Powell and Walsh, JJ., concur.
APPENDIX Selected Provisions of the STZR ARTICLE VI "`E' ESTATE RESIDENCE DISTRICT (Footnote omitted.) "* * *
"SECTION"6.1 Use Regulations
"A building or premises shall be used only for the following purposes:
"1. Agriculture * * * [.] (Footnote omitted.)
"2. Single family dwellings.
"* * *
"SECTION"6.1A Uses Permitted as Special Exceptions
"The following uses shall be considered special exceptions and will require written approval of the Board of Appeals.

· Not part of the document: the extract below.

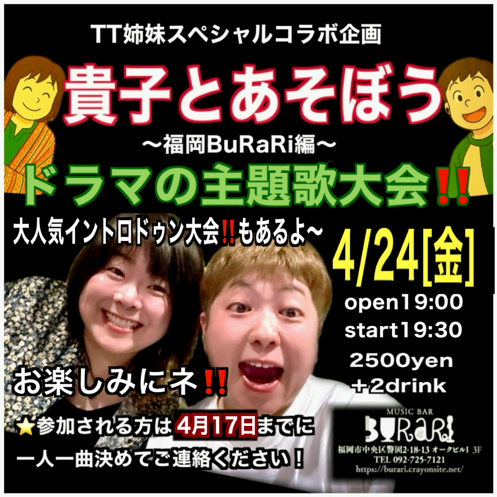 | 4月24日 金曜日 | TT姉妹スペシャルコラボ企画 『貴子とあそぼう』 福岡BuRaRi編 open19:00 start19:30 2500yen+2drink |

"1. Mining and Extraction of Mineral or Raw Materials. The Board may attach such conditions and safeguards as it deems necessary to protect neighboring properties or districts from fire hazards or smoke, noise, odor, dust, or any other detrimental or obnoxious effects incidental to such operation, in addition, the Board shall require a written agreement, approved by the Board, from the owners of such operation to the effect that, upon termination of such operation, the land involved shall be reclaimed to as near its original state as is practical in the opinion of the Board.
"* * *
"3. Radio and Television transmitters and antennas.
"4. Mobile Homes[.] (Footnote omitted.)
"* * *
"5. Telecommunication Towers and Antennas[.]
"* * *
"6. Bed and Breakfast[.]
"* * *
"ARTICLE VII "`S' SURBURBAN RESIDENCE DISTRICT "* * *
"SECTION"7.1 Use Regulations
"A building or premises shall be used only for the following purposes:
"1. Any use permitted in `E' Estate Residence District.
"2. Home Occupations.
"3. Two family dwelling.
"SECTION"7.1A Uses Permitted as Special Exceptions
"The following uses shall be considered special exceptions and will require written approval of the Board of Appeals.
"* * *
"3. Telecommunication Towers and Antennas[.] (Footnote omitted.)
"* * *
"4. Bed and Breakfast[.] (Footnote omitted.)"
1 Selected provisions of the STZR have been set forth in the appendix to this opinion.
2 A "term of art" is "[a] word or phrase having a specific, precise meaning in a given specialty, apart from its general meaning in ordinary contexts." Black's Law Dictionary (7 Ed. 1999) 1483.